Advances in Geo-Energy Research, 2018, 2(2): 113-121

原文网址：http://www.astp-agr.com/index.php/Index/Index/detail?id=54

         随着地下空间的利用、能源存储和核废料处理设施等地下工程的兴起，裂隙岩体的渗流特性日益成为岩石力学研究领域的热点。裂隙岩体渗流非常复杂，受诸多因素影响，如：温度、应力及裂隙的几何特征等。其中，单个交叉裂隙的力学和几何性质的描述是理解裂隙岩体内的渗流变形性质的基础。

      最近，中国矿业大学刘日成副研究员与日本长崎大学蒋宇静教授等合作，在考虑表面粗糙特性的三维交叉裂隙渗流机理方面取得新进展。他们通过建立具有不同表面粗糙度的三维交叉裂隙模型，自编程序，形成了考虑剪切作用下的三维交叉裂隙渗流计算的数值方法。数值模拟结果揭示了三维交叉裂隙面在剪切过程中开度、流通路径以及渗透系数的演化规律，阐明了裂隙表面粗糙度对裂隙相交处流量再分布特征的影响，明确了粗糙裂隙模型和平行平板裂隙模型渗透特性的差异，得到了三维交叉裂隙岩体的剪切特性及流动机理，为进一步对自然裂隙岩体渗透特性的理解和把握提供理论研究基础。成果发表在Advances in Geo-Energy Research 2018年第二期上。

Hydraulic properties of 3D crossed rock fractures by considering anisotropic aperture distributions

Richeng Liu, Yujing Jiang, Na Huang, Satoshi Sugimoto

(Published: 2018-03-09)

CorrespondingAuthor and Email:  Richeng Liu, liuricheng@cumt.edu.cn

Citation: Liu, R., Jiang, Y., Huang, N., Sugimoto, S. Hydraulic properties of 3D crossed rock fractures by considering anisotropic aperture distributions. Advances in Geo-Energy Research, 2018, 2(2): 113-121, doi: 10.26804/ager.2018.02.01.

ArticleType: Original article

Abstract：

     This study presents a numerical study on the geometrical and hydraulic properties of a three-dimensional intersected fracture model that is a fundamental element involved in complex fracture networks. A series of rough fracture surfaces were generated using the modified successive random additions (SRA) algorithm.

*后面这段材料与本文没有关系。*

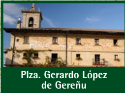
Plza. Gerardo López de Gereñu
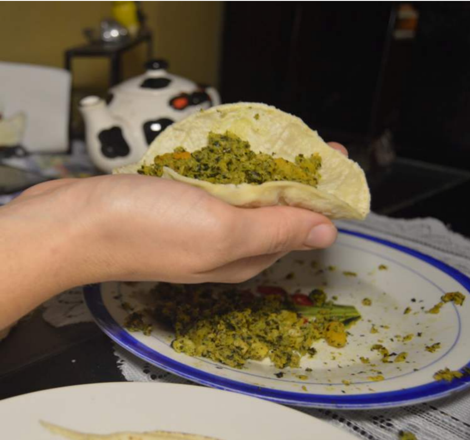
Fotografía 70. Picadillo de chicasquil. Escazú, 2018.

La cara (en el picadillo de chicasquil): es la tortilla casera que se pone encima del picadillo de chicasquil antes de meterlo al horno, para que se vaya formando y cocinando con el picadillo.

Different shear displacements were applied to the fracture to obtain the anisotropic aperture fields that will be further assigned to the two fractures in the intersected fracture model. The flow was calculated using the Reynolds equation with the continuity conditions addressed at intersection part between the two fracture planes. The evolutions of the aperture distributions, flow channels and equivalent permeability were estimated. The simulation results reveal that as the shear displacement and joint roughness coefficient (JRC) increase, the aperture increases anisotropically, which causes significant fluid flow channeling effects. The main flow channels change from being concentrated in one fracture to the other fracture during the shear, accompanied by the change of the flow rate ratios between two flow planes at the inlet/outlet boundary.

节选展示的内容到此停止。